Cada segundo que passou, teve mais e mais certeza de que sua filha e seu marido não tinham condições de conviver dentro da mesma casa e começava a duvidar se um dia teriam.

O contraste de personalidades e o atrito silencioso entre eles nunca foi tão evidente, assim como o quanto Samuel estava diferente. Se antes ele sofria com a rejeição da menina, ficava sem jeito com alfinetadas e sustentava sempre um sorriso forçado no rosto, dessa vez ele não fez nenhum esforço para tentar minimizar o mal-estar de estar na presença dela nem mesmo para confortá-la dos próprios erros. Seu marido simplesmente a ignorou quase o tempo inteiro, mas não como antigamente, como forma de se anular nas conversas porque ela se incomodava com a sua presença e iria causar conflitos desnecessários à mesa. Ele apenas não fez questão de interagir com ela.
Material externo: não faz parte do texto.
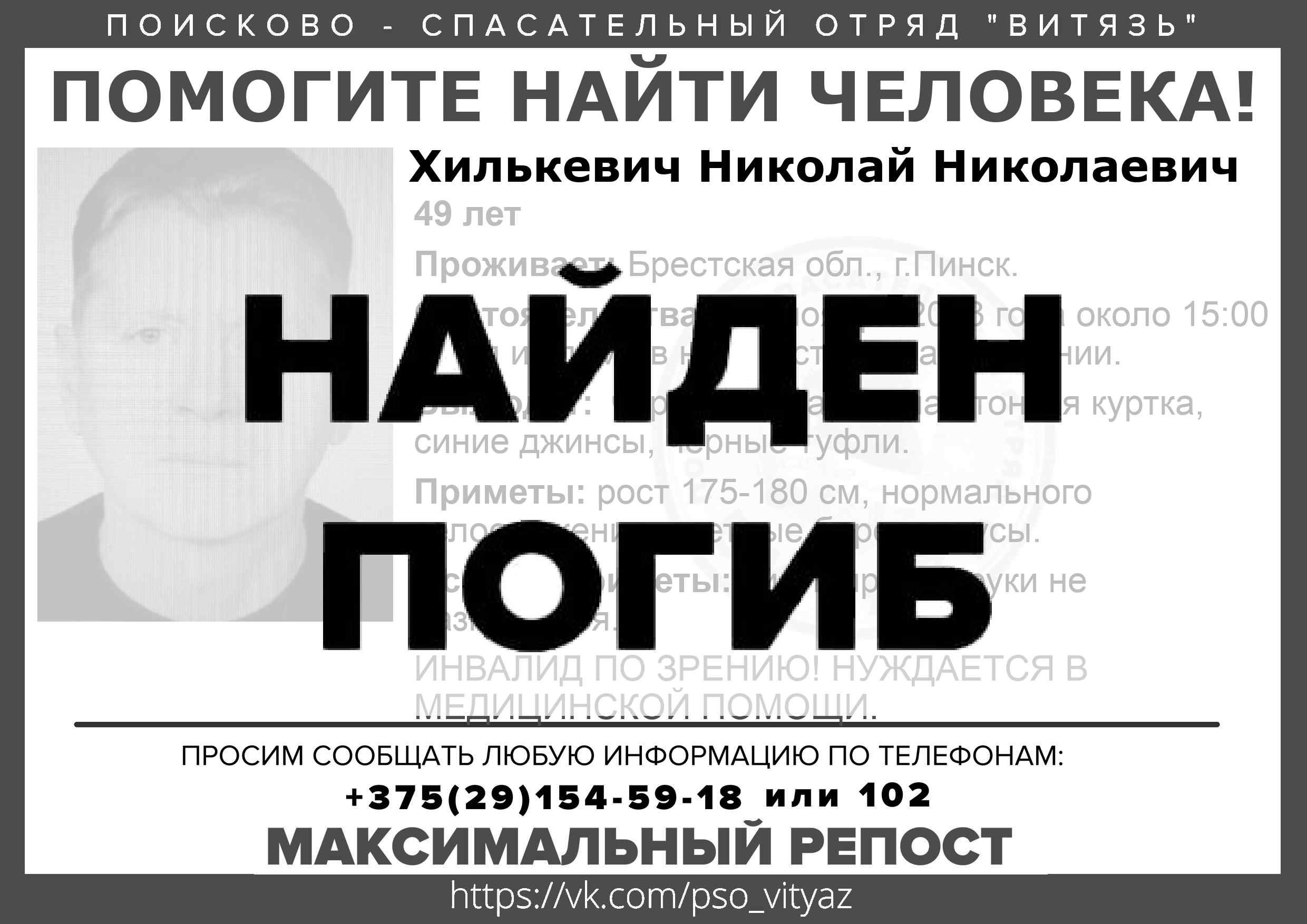 Всех, кто владеет информацией, просим сообщить: ПСО "ВИТЯЗЬ" +375(29)154-59-18 |

O fato da menina ter agredido o irmão havia deixado feridas emocionais e finalmente isso era nítido nele. Não porque Toni ou qualquer outra pessoa disse que era errado, mas porque passar aquele tempo longe da pensão havia feito Samuel ter uma nova perspectiva da briga que os fez ir embora, ele havia aceitado e se permitido ficar magoado com ela sem se sentir culpado por isso. Afinal, ele era o tutor legal dela, deu o seu máximo com todas as suas limitações para estar presente, ser cuidadoso, amá-la, ampará-la no seio da família, em resumo a criou como filha e no final ela realmente foi capaz de bater no rosto dele.

A garota ficou visivelmente abalada com aquele tratamento frio e distante, mas era orgulhosa demais para admitir ou fazer alguma coisa a respeito e como todos imaginavam ela devolveu na mesma moeda e apenas ignorou Samuel o quanto pode. Sem perceber que o constrangimento dela já era visível para todos, pois ao contrário do irmão ela não tinha habilidade de simulação tão eficiente, não que isso seja ruim.

Aquela pequena malcriação não era nada além da última tentativa de fazer o mais velho reconhecer a sua presença e lhe dirigir a palavra diretamente.

— Tá bom, dá logo tchau pra essa peste desse cachorro e bora embora — apressou-o.

Samuel ficou em pé com cuidado e acenou para a garota, que de forma obediente se abaixou e pegou o animal no colo, acariciando cogumelo com a cabeça baixa claramente evitando olhar os pais, talvez muito mais triste do que gostaria de aparentar, mas Toni optou por não fazer comentários sobre isso, havia aprendido a não interferir mais nesse relacionamento.